Threat to Humans: The Minnesota Department of Health says there is a very low public health risk, and there is no food safety concern, according to the Minnesota Department of Health. Only persons who have direct contact with infected birds are potentially at risk. People in contact with infected birds are monitored by MDH for 10 days to make sure they don’t become sick. It is also recommended for them to take antiviral medication.
Threat to Pets and Poultry: HPAI is very contagious so if you have pet birds or poultry livestock you want to be very careful about not exposing them to dead turkeys. DNR recommends cleaning birds in the field and cleaning knives, clothing, etc. very well before coming in contact with your birds.
Reporting Dead Birds: DNR wildlife staff have been notified to be extra vigilant for sick or dead raptors (hawks, eagles, owls) and wild turkeys. They have received instructions on carcass handling if any are identified.
If you see a dead wild turkey or raptor or it appears sick (ruffled feathers, swollen wattles, discoloration of the feet and impaired balance), do not touch or move it to minimize any potential risk of unintentionally spreading the virus if the animal is infected.
Mark the location by GPS if possible and contact DNR with the coordinates. Contacts are:
· Wildlife Health Program Supervisor Michelle Carstensen at 612-390-9979
· Wildlife Health Specialist Erik Hildebrand at 612-597-8141
· Alternatively, you can contact your local area wildlife manager.
Protocols are in place to sample these birds if it's determined that HPAI may be the cause of mortality. At this time, they are only looking for raptors and wild turkeys. They are not taking samples on other species of birds unless five or more are found dead in the same location.

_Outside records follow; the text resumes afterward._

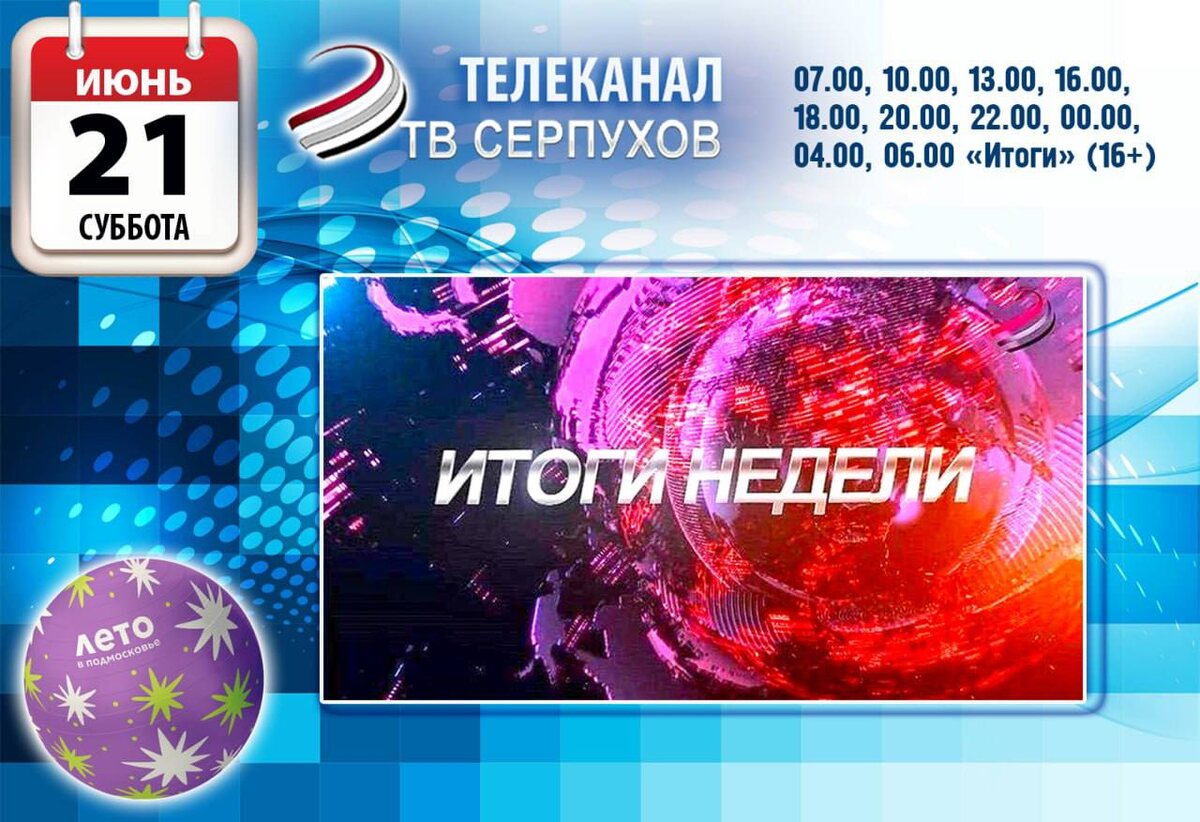 Что смотреть в субботу на нашем телеканале? Мы вам подскажем ⤵️ 07.00, 10.00, 13.00, 16.00, 18.00, 20.00, 22.00, 00.00, 04.00, 06.00 «Итоги» (16+) 06.35, 08.40, 17.25 м/ф «Мультфильмы» (6+) 07.30, 17.40, 18.30, 05.30 д/ф «Молодая наука» (12+) 07.55 д/ф «Территория жизни» (12+) 08.50, 10.30, 18.50, 20.30 х/ф «Слушать в отсеках» (12+) 11.35, 13.30, 23.45, 00.30 т/с «Спутники» (12+) 15.25, 16.30, 03.35, 04.30 х/ф «Опасный возраст» (12+) 21.40, 22.30 д/ф «Уроки Нюрнберга» (12+) 23.00 д/ф «Хранители жизни» (12+)
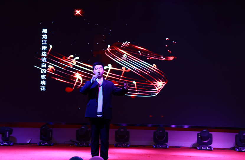 同学们以歌传情,以声献礼,用嘹亮动听的歌声和热情、奔放的舞蹈,表达对祖国的无限热爱和美好祝福。
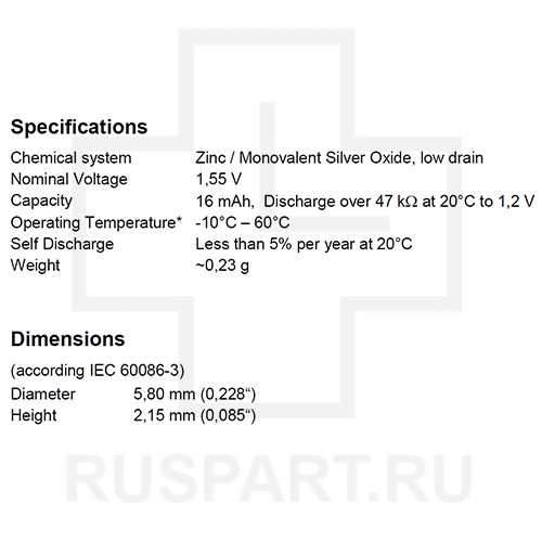 Батарейка кнопочная, оксид серебра RENATA SR521SWОписание: упаковка 10 шт на блистере
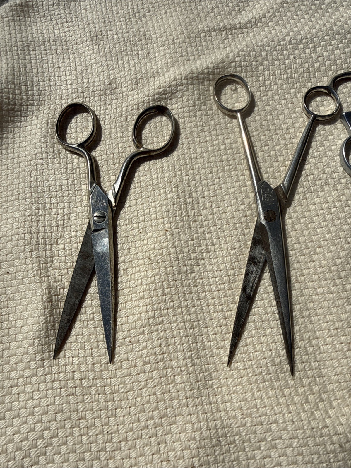 как выглядит Lot Of 8 Pair Of Vintage Antique Barber Shears Steel Scissors Hair Cutting READ фото
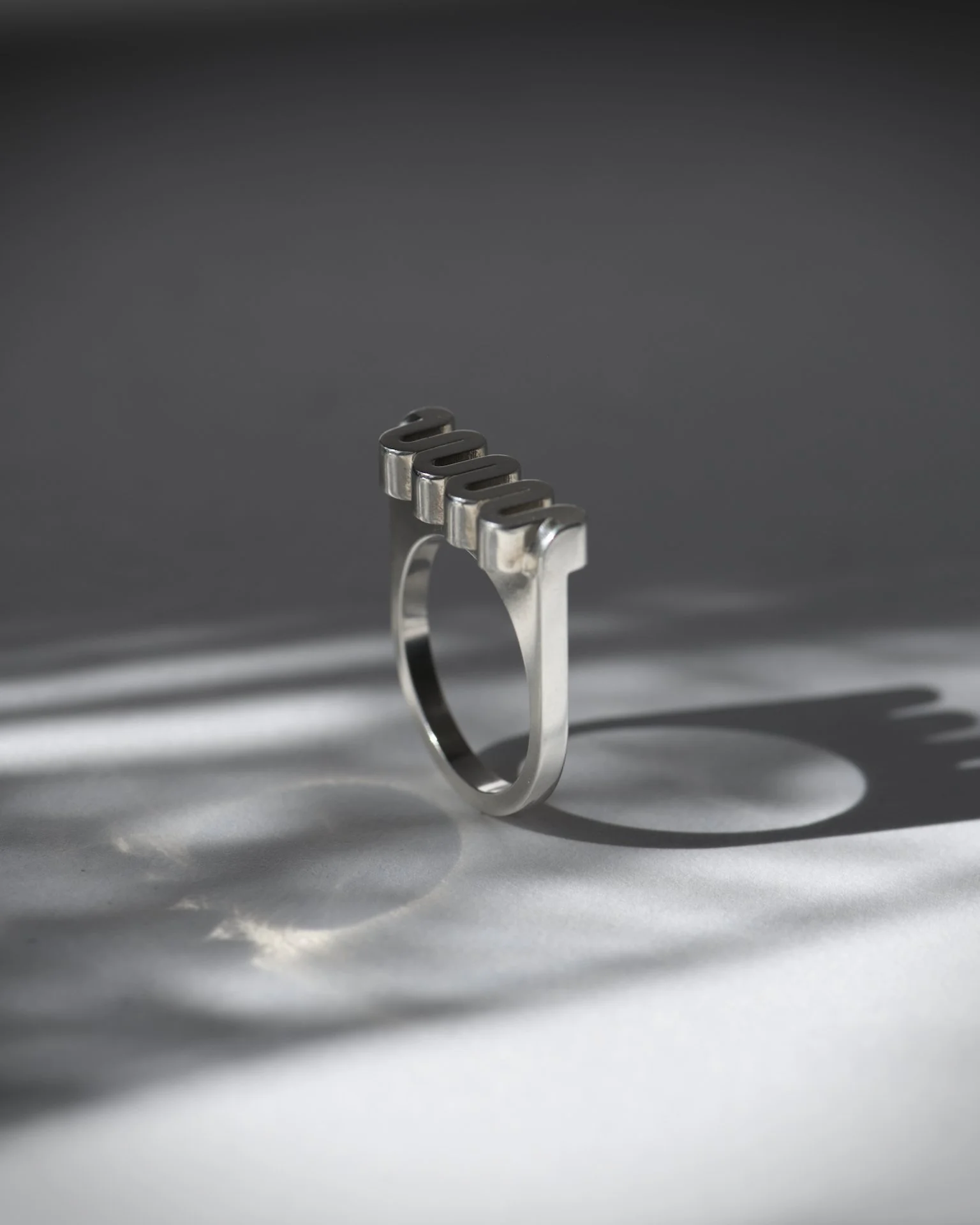 An exploration of soft volumes and brutalist aesthetics. Crafted in sterling silver with a matte, sandblasted finish that emphasizes its sculptural silhouette. A balanced intersection of weight and playful geometry.

MDH Recommended Precautions for Hunters:
In the field
Do not harvest or handle wild birds that are obviously sick or found dead.
Dress your game birds in the field whenever possible.

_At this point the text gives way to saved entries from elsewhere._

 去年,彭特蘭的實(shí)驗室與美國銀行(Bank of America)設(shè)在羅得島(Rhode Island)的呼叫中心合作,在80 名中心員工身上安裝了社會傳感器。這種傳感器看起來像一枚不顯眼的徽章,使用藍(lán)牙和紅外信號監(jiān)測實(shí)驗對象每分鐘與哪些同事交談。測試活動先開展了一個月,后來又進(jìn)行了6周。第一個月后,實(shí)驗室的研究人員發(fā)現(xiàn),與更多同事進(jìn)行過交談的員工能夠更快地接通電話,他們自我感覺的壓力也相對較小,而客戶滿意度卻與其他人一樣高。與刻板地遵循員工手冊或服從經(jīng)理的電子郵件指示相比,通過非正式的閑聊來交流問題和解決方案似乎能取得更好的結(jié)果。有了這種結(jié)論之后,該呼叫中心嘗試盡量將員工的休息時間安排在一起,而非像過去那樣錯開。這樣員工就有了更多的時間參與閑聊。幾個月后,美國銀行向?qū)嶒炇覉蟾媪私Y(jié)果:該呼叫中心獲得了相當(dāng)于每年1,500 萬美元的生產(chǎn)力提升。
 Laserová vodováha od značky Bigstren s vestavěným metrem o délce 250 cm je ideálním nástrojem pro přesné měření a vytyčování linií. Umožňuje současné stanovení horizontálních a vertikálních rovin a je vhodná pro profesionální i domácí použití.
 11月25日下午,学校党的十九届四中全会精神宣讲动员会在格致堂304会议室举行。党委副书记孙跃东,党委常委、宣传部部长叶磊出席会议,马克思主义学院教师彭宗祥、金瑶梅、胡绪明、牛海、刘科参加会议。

Use dedicated tools for cleaning game, whether in the field or at home. Do not use those tools around your poultry or pet birds.
Always wear rubber gloves when cleaning game.

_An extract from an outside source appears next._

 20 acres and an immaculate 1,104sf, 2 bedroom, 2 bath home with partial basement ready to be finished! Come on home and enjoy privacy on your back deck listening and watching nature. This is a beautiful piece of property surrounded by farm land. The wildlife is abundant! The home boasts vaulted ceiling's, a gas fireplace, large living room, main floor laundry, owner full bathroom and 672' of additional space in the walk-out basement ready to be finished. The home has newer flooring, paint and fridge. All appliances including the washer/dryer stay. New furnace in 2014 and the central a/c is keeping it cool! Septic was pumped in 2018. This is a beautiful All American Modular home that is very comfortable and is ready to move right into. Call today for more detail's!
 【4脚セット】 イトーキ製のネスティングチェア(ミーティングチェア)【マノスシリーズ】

Double bag the offal and feathers. Tie the inner bag, and be sure to take off your rubber gloves and leave them in the outer bag before tying it closed. Place the bag in a trash can that poultry and pet birds cannot access. This trash can should also be secure against access by children, pets or other animals.
Wash hands with soap and water immediately after handling game. If soap and water are not available, use alcohol wipes.
Wash all tools and work surfaces with soap and water. Then, disinfect them. Do not eat, drink or smoke while cleaning game.
If you clean a bird at home, keep a separate pair of shoes to wear only in your game cleaning area. If this is not possible, wear rubber footwear and clean/disinfect your shoes before entering or leaving the area.
Wash all tools and work surfaces with soap and water. Then, disinfect them.
Avoid cross-contamination. Keep uncooked game in a separate container, away from cooked or ready-to-eat foods.
Cook game meat thoroughly. Poultry should reach an internal temperature of 165 degrees F to kill disease organisms and parasites.